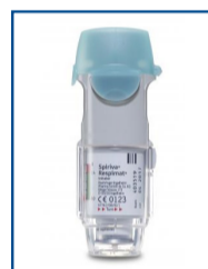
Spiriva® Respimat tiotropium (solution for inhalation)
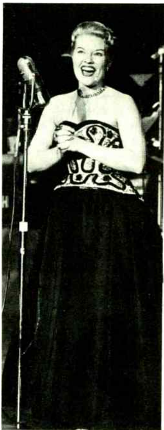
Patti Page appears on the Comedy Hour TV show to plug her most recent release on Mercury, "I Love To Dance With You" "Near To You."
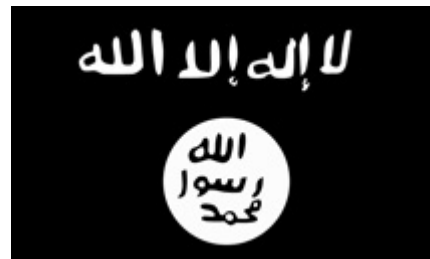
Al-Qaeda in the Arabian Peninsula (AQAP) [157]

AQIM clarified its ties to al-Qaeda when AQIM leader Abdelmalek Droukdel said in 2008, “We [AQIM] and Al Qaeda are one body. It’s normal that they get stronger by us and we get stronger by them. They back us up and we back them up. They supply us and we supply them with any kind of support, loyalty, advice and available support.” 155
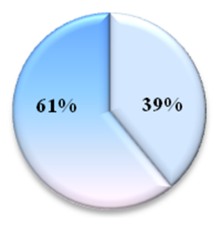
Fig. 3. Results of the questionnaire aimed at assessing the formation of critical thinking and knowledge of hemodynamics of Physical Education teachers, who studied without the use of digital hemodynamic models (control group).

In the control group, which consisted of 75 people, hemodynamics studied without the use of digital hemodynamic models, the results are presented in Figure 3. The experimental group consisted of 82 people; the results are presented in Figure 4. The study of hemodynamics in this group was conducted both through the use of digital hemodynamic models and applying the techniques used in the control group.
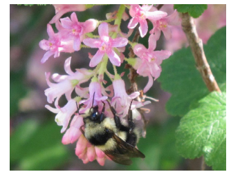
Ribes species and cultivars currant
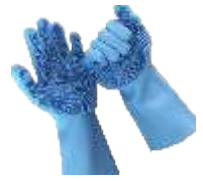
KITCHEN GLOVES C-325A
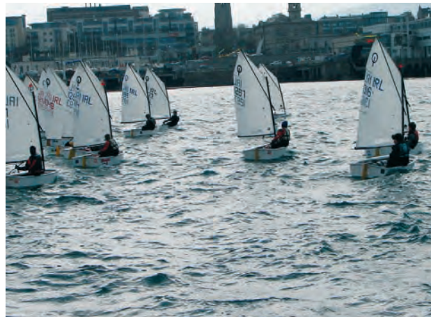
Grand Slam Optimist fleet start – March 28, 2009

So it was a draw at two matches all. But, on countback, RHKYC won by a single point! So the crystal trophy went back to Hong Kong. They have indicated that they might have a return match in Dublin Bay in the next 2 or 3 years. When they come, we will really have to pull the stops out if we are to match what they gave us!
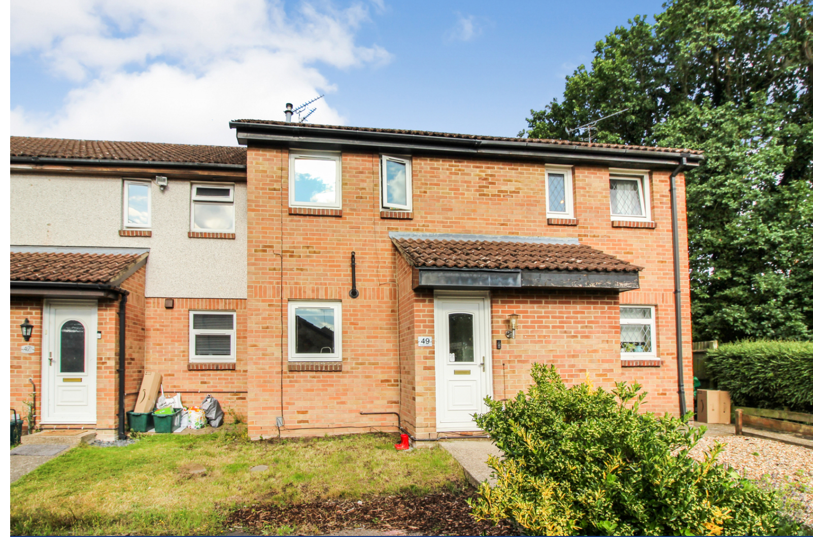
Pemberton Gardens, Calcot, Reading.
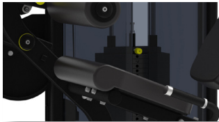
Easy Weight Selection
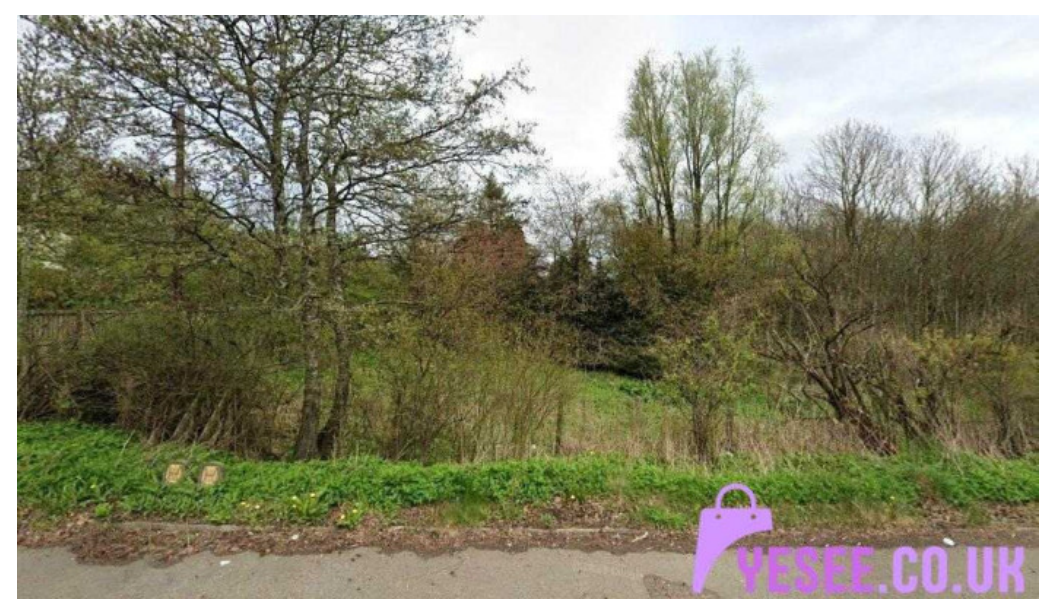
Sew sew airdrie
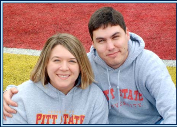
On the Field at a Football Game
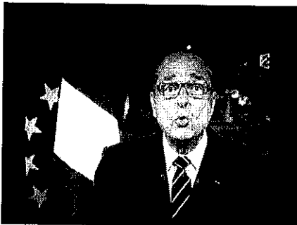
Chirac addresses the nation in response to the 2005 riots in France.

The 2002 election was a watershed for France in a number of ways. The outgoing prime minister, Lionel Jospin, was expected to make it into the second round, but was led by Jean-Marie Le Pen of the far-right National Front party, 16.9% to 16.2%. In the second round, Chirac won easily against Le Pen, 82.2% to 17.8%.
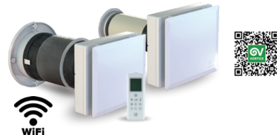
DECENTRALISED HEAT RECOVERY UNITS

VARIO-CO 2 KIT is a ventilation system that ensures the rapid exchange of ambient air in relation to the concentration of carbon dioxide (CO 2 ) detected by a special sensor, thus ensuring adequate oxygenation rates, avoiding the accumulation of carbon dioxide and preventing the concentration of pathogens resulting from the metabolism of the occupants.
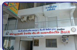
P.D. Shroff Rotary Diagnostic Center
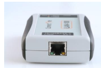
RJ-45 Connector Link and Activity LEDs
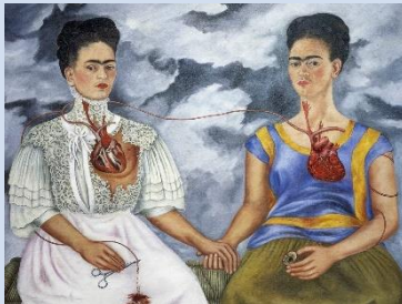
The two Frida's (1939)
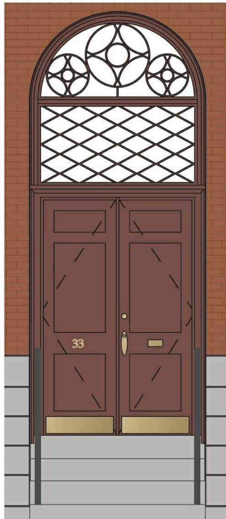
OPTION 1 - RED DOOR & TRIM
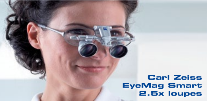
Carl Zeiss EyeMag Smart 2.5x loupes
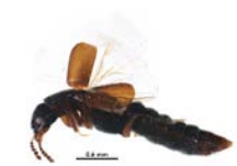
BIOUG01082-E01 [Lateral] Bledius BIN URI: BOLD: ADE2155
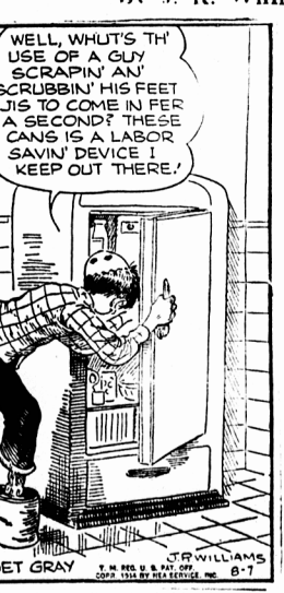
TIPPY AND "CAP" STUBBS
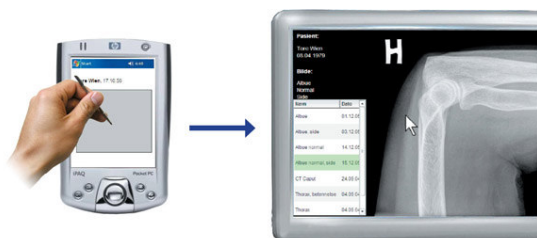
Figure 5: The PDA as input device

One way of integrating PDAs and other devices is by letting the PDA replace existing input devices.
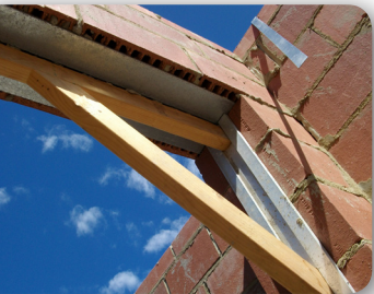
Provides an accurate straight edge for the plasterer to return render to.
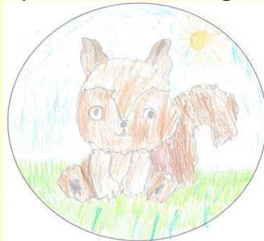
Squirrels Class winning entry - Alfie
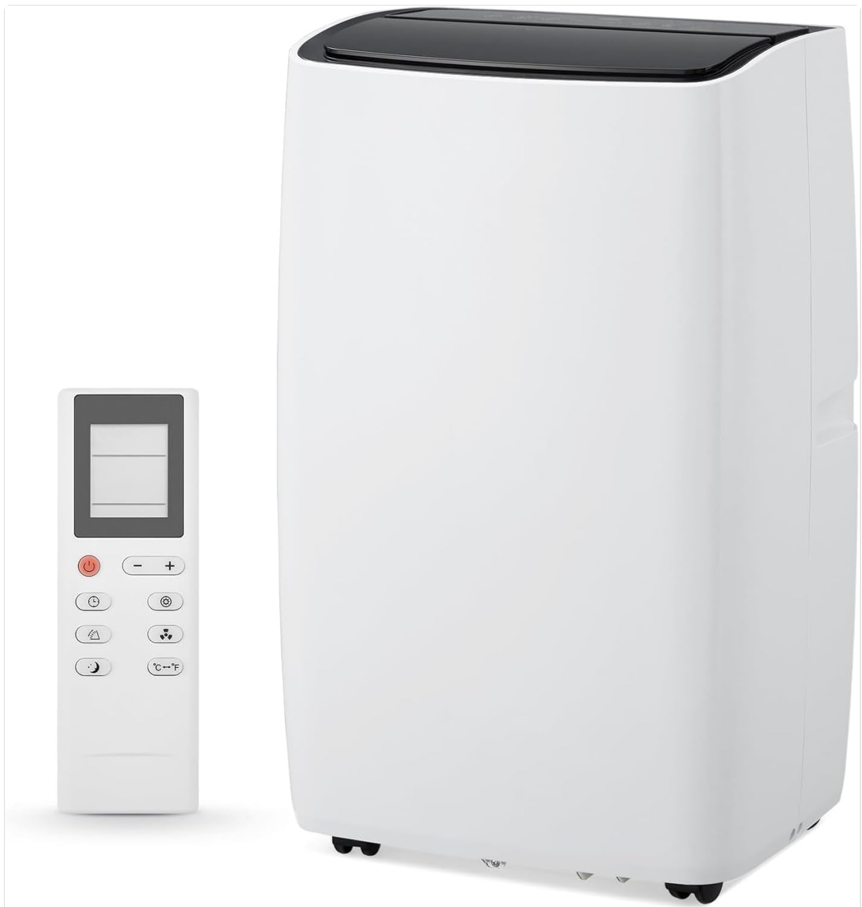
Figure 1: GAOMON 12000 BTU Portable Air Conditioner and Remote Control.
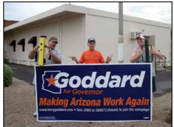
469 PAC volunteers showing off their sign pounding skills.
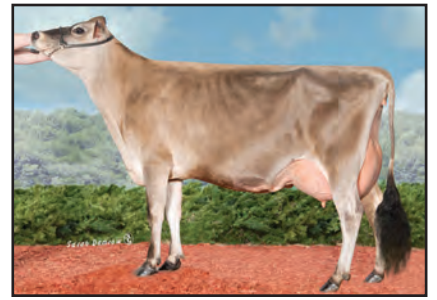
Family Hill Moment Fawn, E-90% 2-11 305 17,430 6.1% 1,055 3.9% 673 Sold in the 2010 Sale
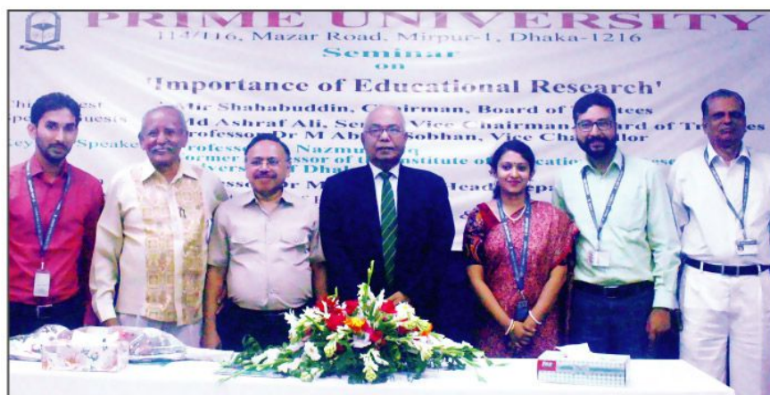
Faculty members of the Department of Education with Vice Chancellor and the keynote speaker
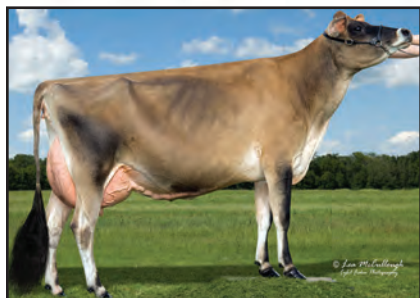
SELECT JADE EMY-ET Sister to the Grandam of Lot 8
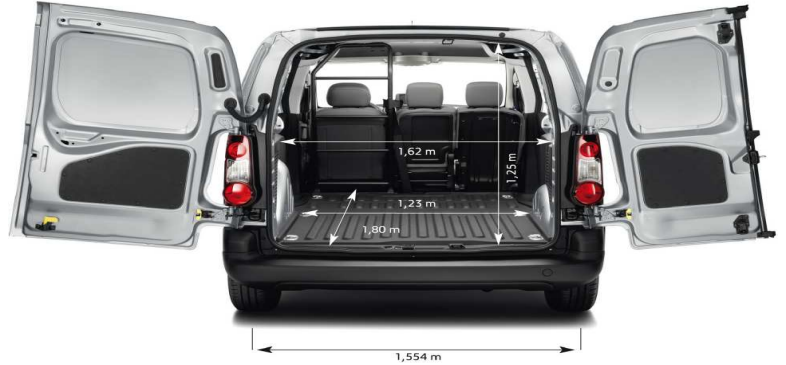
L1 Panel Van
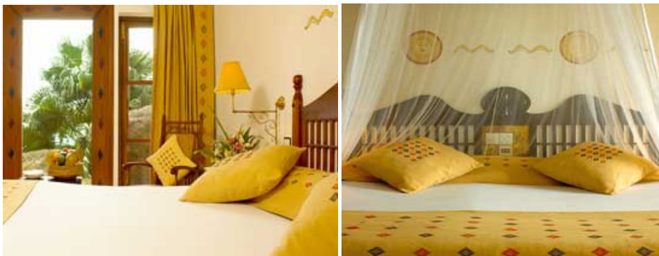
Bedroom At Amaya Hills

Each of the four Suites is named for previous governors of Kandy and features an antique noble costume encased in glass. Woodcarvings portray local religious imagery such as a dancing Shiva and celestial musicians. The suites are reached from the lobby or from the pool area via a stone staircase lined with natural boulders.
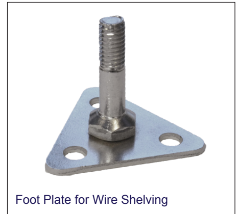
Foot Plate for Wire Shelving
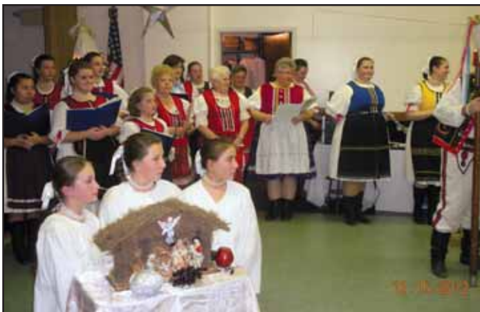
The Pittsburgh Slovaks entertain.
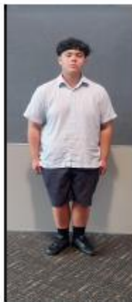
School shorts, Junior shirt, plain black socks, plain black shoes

__WHAT YOU WILL DO__
Please give back all the records above word for word, with no pictures included.

__RESULT BELOW__
Spiriva® Respimat tiotropium (solution for inhalation)
Patti Page appears on the Comedy Hour TV show to plug her most recent release on Mercury, "I Love To Dance With You" "Near To You."
Al-Qaeda in the Arabian Peninsula (AQAP) [157]

AQIM clarified its ties to al-Qaeda when AQIM leader Abdelmalek Droukdel said in 2008, “We [AQIM] and Al Qaeda are one body. It’s normal that they get stronger by us and we get stronger by them. They back us up and we back them up. They supply us and we supply them with any kind of support, loyalty, advice and available support.” 155
Fig. 3. Results of the questionnaire aimed at assessing the formation of critical thinking and knowledge of hemodynamics of Physical Education teachers, who studied without the use of digital hemodynamic models (control group).

In the control group, which consisted of 75 people, hemodynamics studied without the use of digital hemodynamic models, the results are presented in Figure 3. The experimental group consisted of 82 people; the results are presented in Figure 4. The study of hemodynamics in this group was conducted both through the use of digital hemodynamic models and applying the techniques used in the control group.
Ribes species and cultivars currant
KITCHEN GLOVES C-325A
Grand Slam Optimist fleet start – March 28, 2009

So it was a draw at two matches all. But, on countback, RHKYC won by a single point! So the crystal trophy went back to Hong Kong. They have indicated that they might have a return match in Dublin Bay in the next 2 or 3 years. When they come, we will really have to pull the stops out if we are to match what they gave us!
Pemberton Gardens, Calcot, Reading.
Easy Weight Selection
Sew sew airdrie
On the Field at a Football Game
Chirac addresses the nation in response to the 2005 riots in France.

The 2002 election was a watershed for France in a number of ways. The outgoing prime minister, Lionel Jospin, was expected to make it into the second round, but was led by Jean-Marie Le Pen of the far-right National Front party, 16.9% to 16.2%. In the second round, Chirac won easily against Le Pen, 82.2% to 17.8%.
DECENTRALISED HEAT RECOVERY UNITS

VARIO-CO 2 KIT is a ventilation system that ensures the rapid exchange of ambient air in relation to the concentration of carbon dioxide (CO 2 ) detected by a special sensor, thus ensuring adequate oxygenation rates, avoiding the accumulation of carbon dioxide and preventing the concentration of pathogens resulting from the metabolism of the occupants.
P.D. Shroff Rotary Diagnostic Center
RJ-45 Connector Link and Activity LEDs
The two Frida's (1939)
OPTION 1 - RED DOOR & TRIM
Carl Zeiss EyeMag Smart 2.5x loupes
BIOUG01082-E01 [Lateral] Bledius BIN URI: BOLD: ADE2155
TIPPY AND "CAP" STUBBS
Figure 5: The PDA as input device

One way of integrating PDAs and other devices is by letting the PDA replace existing input devices.
Provides an accurate straight edge for the plasterer to return render to.
Squirrels Class winning entry - Alfie
Figure 1: GAOMON 12000 BTU Portable Air Conditioner and Remote Control.
469 PAC volunteers showing off their sign pounding skills.
Family Hill Moment Fawn, E-90% 2-11 305 17,430 6.1% 1,055 3.9% 673 Sold in the 2010 Sale
Faculty members of the Department of Education with Vice Chancellor and the keynote speaker
SELECT JADE EMY-ET Sister to the Grandam of Lot 8
L1 Panel Van
Bedroom At Amaya Hills

Each of the four Suites is named for previous governors of Kandy and features an antique noble costume encased in glass. Woodcarvings portray local religious imagery such as a dancing Shiva and celestial musicians. The suites are reached from the lobby or from the pool area via a stone staircase lined with natural boulders.
Foot Plate for Wire Shelving
The Pittsburgh Slovaks entertain.
School shorts, Junior shirt, plain black socks, plain black shoes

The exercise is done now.